Railroad Yardmasters of America
- Merged: United Transportation Union
- Founded: 2 December 1918
- Dissolved: 1 October 1985
- Headquarters: Columbus, Ohio
- Location: United States;
- Affiliations: AFL–CIO

= Railroad Yardmasters of America =

Union that represented yardmasters in the United States

The Railroad Yardmasters of America (RYA) was a union that represented yardmasters in the United States from 1912 until its merger with the United Transportation Union in 1985 which later became the SMART Union in 2014.

==Foundation==
The Railroad Yardmasters of America was organized on 2 December 1918 to handle abuses by railroad management. Membership was open to "any male white person of good moral character actually employed as general yardmaster, assistant general yardmaster, yardmaster, assistant yardmaster, and station masters." The first national convention was held in December 1918. The union had its headquarters in Columbus, Ohio. The union was independent, not affiliated with the American Federation of Labor.

The union aimed for a universal eight-hour work day with two days of rest each month and an annual two-week vacation. It also sought improved wages and working conditions. The union's bylaws gave it the power to levy assessments for unspecified purposes, saying the executive board could "levy assessments upon all the members affected when in its opinion such assessments are necessary."

==History==
By 1921 the union had about 8,500 members, about three quarters of all yardmasters in the United States. A general railway strike was called for 1 November 1921. The grand president of the Railroad Yardmasters of America, J.L. Cone said the members of his union would stay on the job. Yardmasters on the Southern Pacific Railroad organized in 1938 and joined the Railroad Yardmasters of America in 1941. Twelve years later they withdrew and formed the independent Western Railway Supervisors Association, which merged with the Transportation-Communications Union in 1983.

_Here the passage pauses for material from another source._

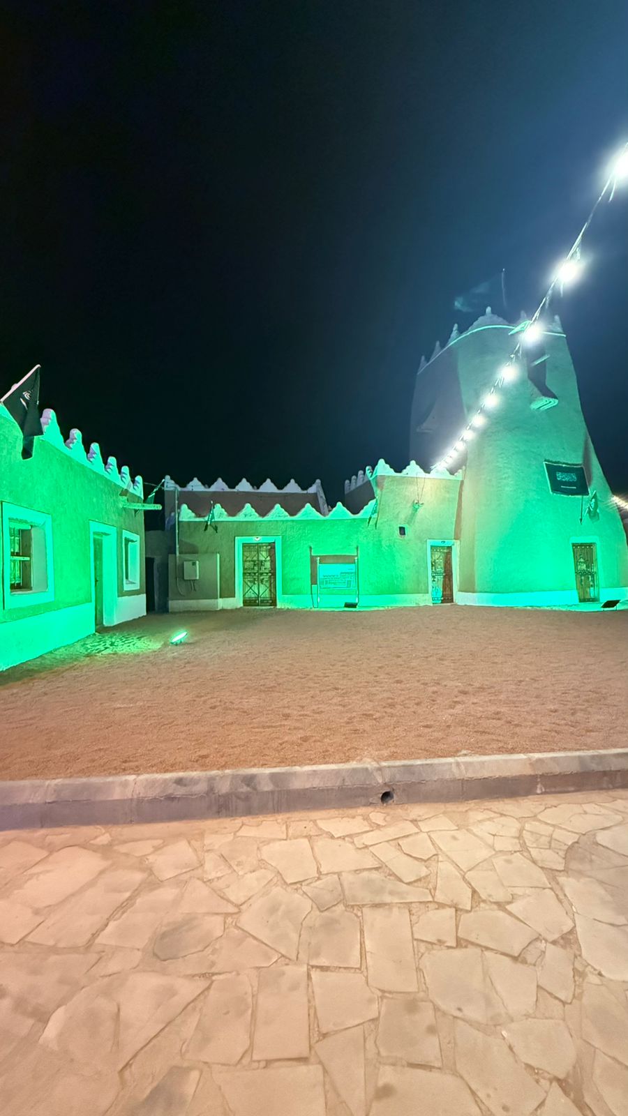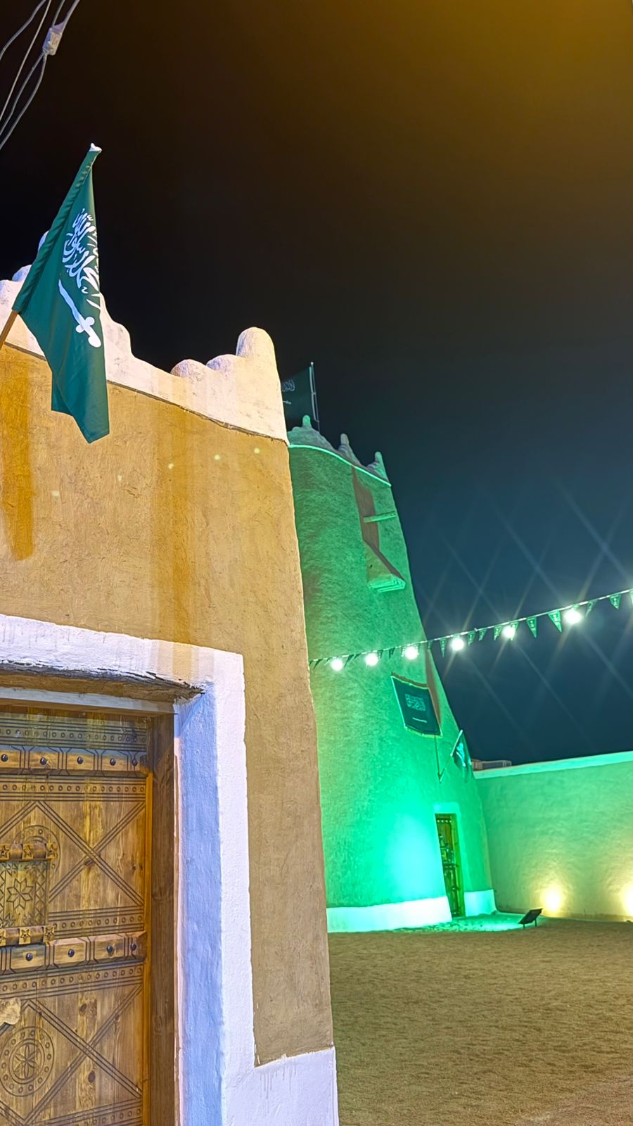 ويعد القصر من أبرز المعالم التاريخية بالمحافظة، حيث يمثل إرثاً معمارياً شامخاً يروي جانباً من تاريخ المنطقة، وجاءت إضاءته باللون الأخضر لتجسّد معاني الوحدة والاعتزاز بالهوية الوطنية تحت راية المملكة.

The union was one of 26 in the United States that limited its membership to white men through its constitution or rituals.

In 1950 there were a series of disputes between the railroads and yard employees in connection with the 40-hour week. That year the government seized the railroads. The government's Railway Labor Act Emergency Board ruled on 15 June 1950 in favor of the 40-hour basic work week, overtime pay for work in excess of 40 hours, and other improvements. When the railroad owners rejected this John R. Steelman, the President's representative, defined a proposed settlement that included wage increases and cost of living adjustments. The Railroad Yardmasters of America, Railroad Yardmasters of North America and the Switchmen's Union of America agreed to settle with some railroads based on the Steelman formula effective 1 October 1950, but other operating unions held out.

In Railroad Yardmasters of America v Robert O. Harris (1983) the union challenged the authority of the National Mediation Board on the basis that it had no quorum,
establishing the "Yardmasters exception", which came to be used in other labor relations cases.

==Dissolution==
In 1985 the RYA voted to affiliate with the United Transportation Union. The merger took effect on 1 October 1985.